Fuck man, I would never have guessed you would ever be like that. Glad you're better bro. You should get into streaming.
I find a lot of peace from cutting grass. I am very mechanically inclined, but I also struggle with really bad depression. My mood swings were bad, I listened to dark music and I mean dark and I struggles big time. Then I told my mom. She got me a lot of help, as she lost her brother to suicide many years ago. I'm glad someone made a video like this and I really hope you carry on. I'm now on medication and talk to someone, and am generally a happier person. We love you man.
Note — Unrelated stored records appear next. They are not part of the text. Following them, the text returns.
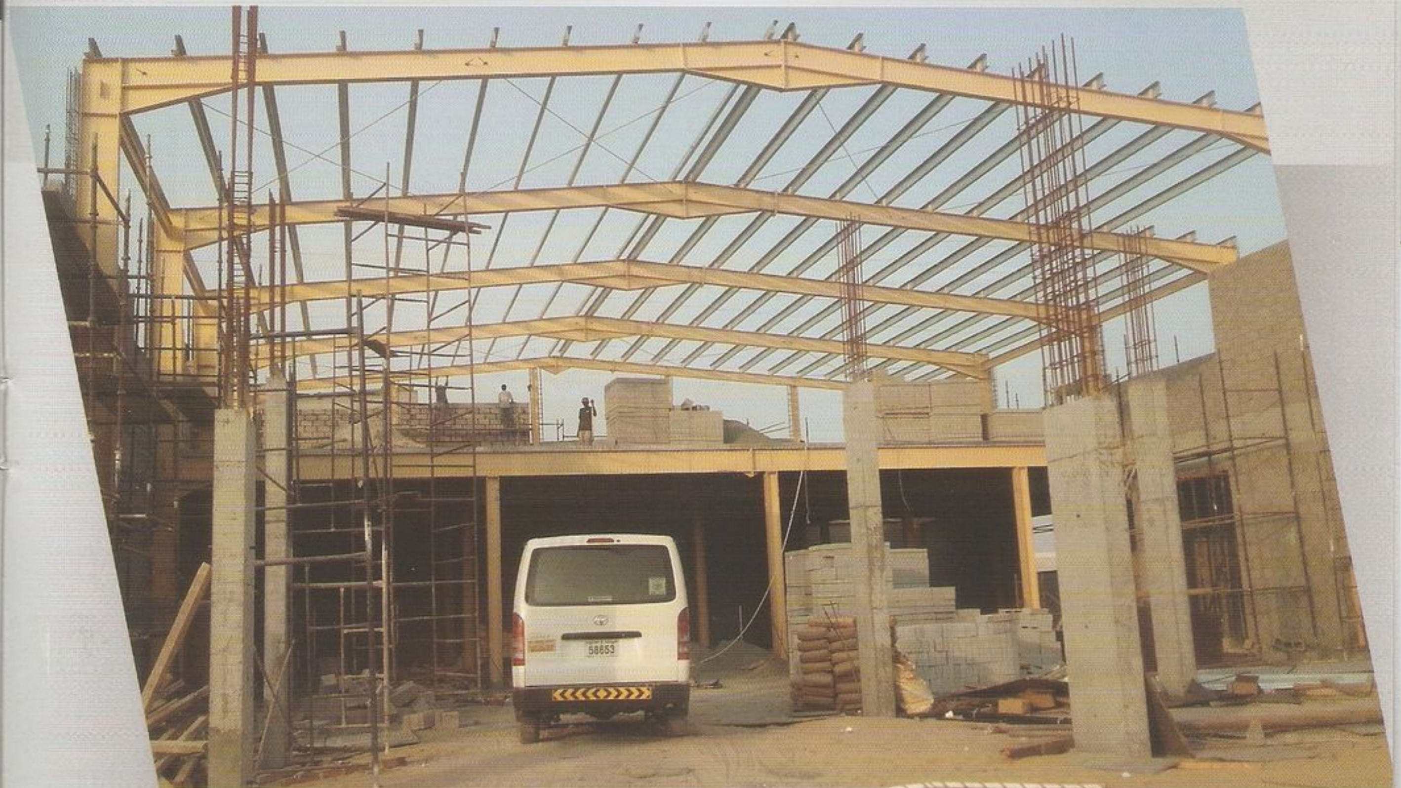
Lolat Al Bustan Cont., Ajman - Jurf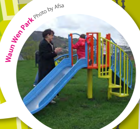
Wauw Wen Park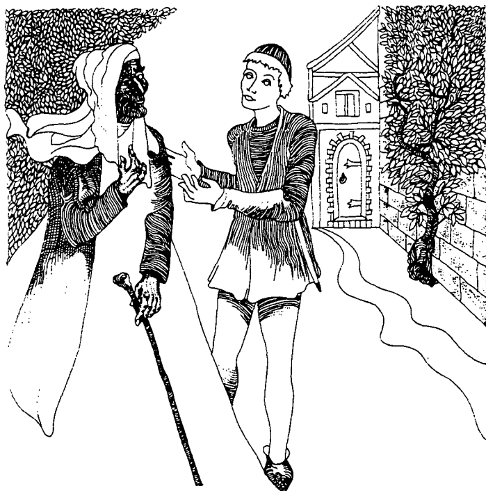
Sempronio and Celestina en route to Calisto's house, Act I. Barcelona: Lumen, 1988. Illustration by Bartolomé Liarte

The verb is not used reflexively in Colombia and Chile according to my data. Others with larger collections of dictionaries from the Spanish-speaking world probably will be able to provide data on other derivatives or uses of celestina , celestino , celestinaje and celestinear . Others with good access to Portuguese materials might see if there are derivatives in that language. The Dicionário da língua portuguesa elaborado por Antenor Nascentes (1961) defines celestina , a feminine noun, as "alcoviteira" (De Celestina, nome de uma personagem da Tragicomédia de Calixto e Melibéa ). The Codil Dicionário prático (Sao Paulo, 1965; I:313) provides the same meaning for celestina , but labels it a figurative meaning.

Stay strong.
Could you do a video on families can support someone in basic, then A school, etc. thanks. - Lisa
You know us fans appreciate this video very much. Means a lot you'll post something like this and talk to us on such a personal level. Glad to see everything is bueno.
JT!!!lets play xbox papi! Lets run sh*t on call of duty
I hope you’re doing well Brother
Hey JT! Just so you know I've had infantiago (not sure if I've spelled it right) once before. I had it in high school and it got pretty bad and I wasn't allowed to put makeup on it and had to take school pictures :/ I totally get it man it sucks. It covered almost my whole face as well and I have to remember my freshman picture that way :/... no bueno my friend. I'm glad you've gotten help! I've personally never been deployed I will be enlisting next year but i thank you for your service. I know it's hard and I'm glad you found someone to help you! I suffered from PTSD but from a different experience! I got through it with the help of the Lord :) thanks man for sharing!
Alex Lee Moore impetigo sucks lol. I caught it from my dirty ass dog pissing on my couch while I was at work.
i literally got it from a girl hitting my face with her nail in a basketball game!!!! how lame
What in the hell was the problem with poor care in the situation you were in. I am angry with what YOU are sharing. I am a professional nurse and work with corrections and they get better care. Contact me. I am very concerned. I am serious I am pissed.
Thanks for sharing man. I've gone through some dark times as well, but it's always worth telling your own story if it can help somebody else down the line. Love your vids, tell Papa I said hey.
Hey man, love the channel. I'm a doctoral student in psychology, on track to join the Navy once I finish school. Good on ya for talking about these things.
Thank you for sharing your military experience bc it helps me understand what my Best friend going through on his deployment in Iraq. Not the same branch but I am sure it still hard. God bless you and thank goodness you recovered from it.
Thats a crazy coincidence, I just got back from the pool here in NAF Atsugi and this video was up. Currently on detachment out here once again. Good video and information.
Eric Garcia I miss that pool sometimes haha ,, the Japanese staff always kept it so nice ,, and the galley across the street was always on point. I would always run back to the barracks through the baseball fields at night after swimming ,, was always kinda spooky With all the trees lol
Still have to find that haunted tree that you mentioned a few years ago, I might give it a try. My stay at the NGIS is getting a little stale lol.
Eric Garcia haha it's by the end of the flight line ,, past the corrosion hangar I believe ,, fenced off ,, single tree ,, can't miss it
Jt for 50k can you bring on a navy pilot? Congrats man.
thank you so much for sharing this story. I deal with depression on a day to day basis and after most of my life of having no passion at all, I had my daughter which helped for awhile, but then I hit my lowest low, and I'm finally climbing out of it since I made the decision to join the Navy. I finally feel alive again. Medications didn't help me, therapy didn't help me, when I was on meds I was either so sick I couldn't hold down any food or so much worse that I checked myself into the er. But now that I've made this decision I feel as close to normal as I think possible. For you it was swimming that was your catharsis, for me it's this decision. Being totally honest, I'm terrified of what will happen if the Navy turns me down. That thought is enough to squeeze my chest and close my throat up in sheer terror... I need it for my future, for my daughter's future...deciding to join has given me more energy than I've ever had in my life. Sorry if I'm repetitive that happens when I start getting anxious. I'm just keeping my eye on the prize...and that prize is finally having my daughter be proud of me and knowing exactly what it is I'm doing to make our lives better so she doesn't start to think she'll spend forever living with my mom and dad.
Did you get in?
JT, thank you so much for this video. Surfing and swimming or even simply sitting on the beach is very therapeutic for me. Do you surf often? Where is your favorite place to surf? Peace in your hood my bro.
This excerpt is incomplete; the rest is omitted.